Voilà, la cause d'un certain excès de modernisme local dans ses écrits!
Chose, qui n'enlève rien à l'immense travail et au service à l'Église accompli par le Père Schmeman.
Mais nul d'entre nous n'est infaillible!!!!!!!
Je suis vraiment heureuse de voir que des intellectuels de l'envergure de J.C. Larchet remettent ces écrits dans leur véritable perspective.
Je vous approuve entièrement lorsque vous dites:
"Il est dommageable que les seules personnes orthodoxes ayant voix au chapitre, sont le membres de la Fraternité orthodoxe, ou proches de ses thèses, car numériquement ils ne représentent absolument rien dans l'orthodoxie mondiale, ce qui ne les empêche pas de présenter leur point de vue comme le point de vue orthodoxe par excellence.."


4.Posté par Daniel le 01/03/2010 12:26
Il y a en effet de très bonne choses chez le Père Alexandre Scheman que je ne critique pas. C'est pour cela que je parle de "schémanisme" car il se produit une chose courante chez les hommes : un ensemble d'idées intéressantes d'une personne est ré-utilisée et systématisée par ses successeurs qui lui donnent un caractère un rien idéologique. C'est assez humain, du reste...Mais "Le grand carême" du Père Alexandre est ainsi un excellent livre...

5.Posté par Exposition d'icônes russes à Rio de Janeiro le 23/03/2012 15:13
Une exposition d'icônes russes a ouvert ses portes à Rio de Janeiro, rapporte un correspondant de RIA Novosti.

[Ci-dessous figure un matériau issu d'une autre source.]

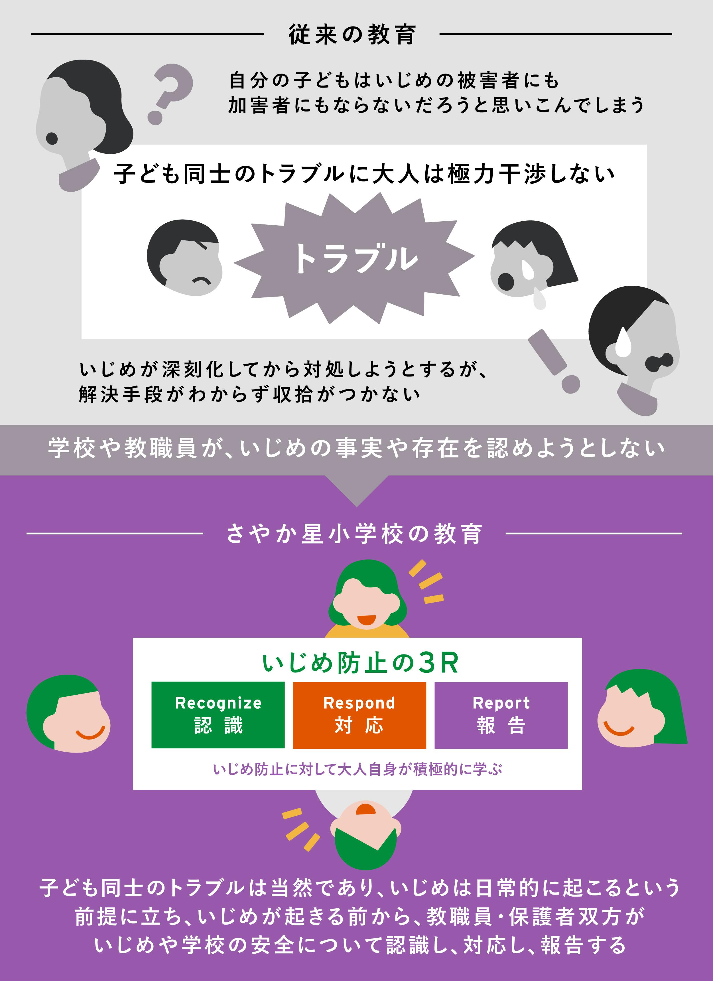 「大人もいっしょに」学ぶ環境「いじめ防止の3Rプログラム」を日本で初導入し、教職員や親が協力することでいじめを放置しない学校を目指します。

"Nous sommes heureux de présenter au public brésilien des icônes orthodoxes, un des biens culturels et religieux les plus importants de la Russie", a déclaré lors de l'inauguration de l'événement le consul général russe Andreï Boudaïev.

"Nous nous sommes efforcés d'exposer les exemplaires d'icônes russes les plus vénérés et les plus célèbres, celle de saint Vladimir (qui a introduit le christianisme comme religion officielle de Russie, ndlr), de l'apôtre André, ainsi que des copies d'icônes miraculeuses de la Vierge", a annoncé à RIA Novosti le père Vassili Guelévan, recteur de la paroisse sainte Zénaïde de Rio de Janeiro.

Plus de trente icônes sont exposées. Organisée par le consulat général russe, la paroisse sainte Zénaïde et l'Académie de philosophie du Brésil, l'exposition sera ouverte jusqu'au fin avril mais pourrait ensuite être prolongée. L'accès est gratuit.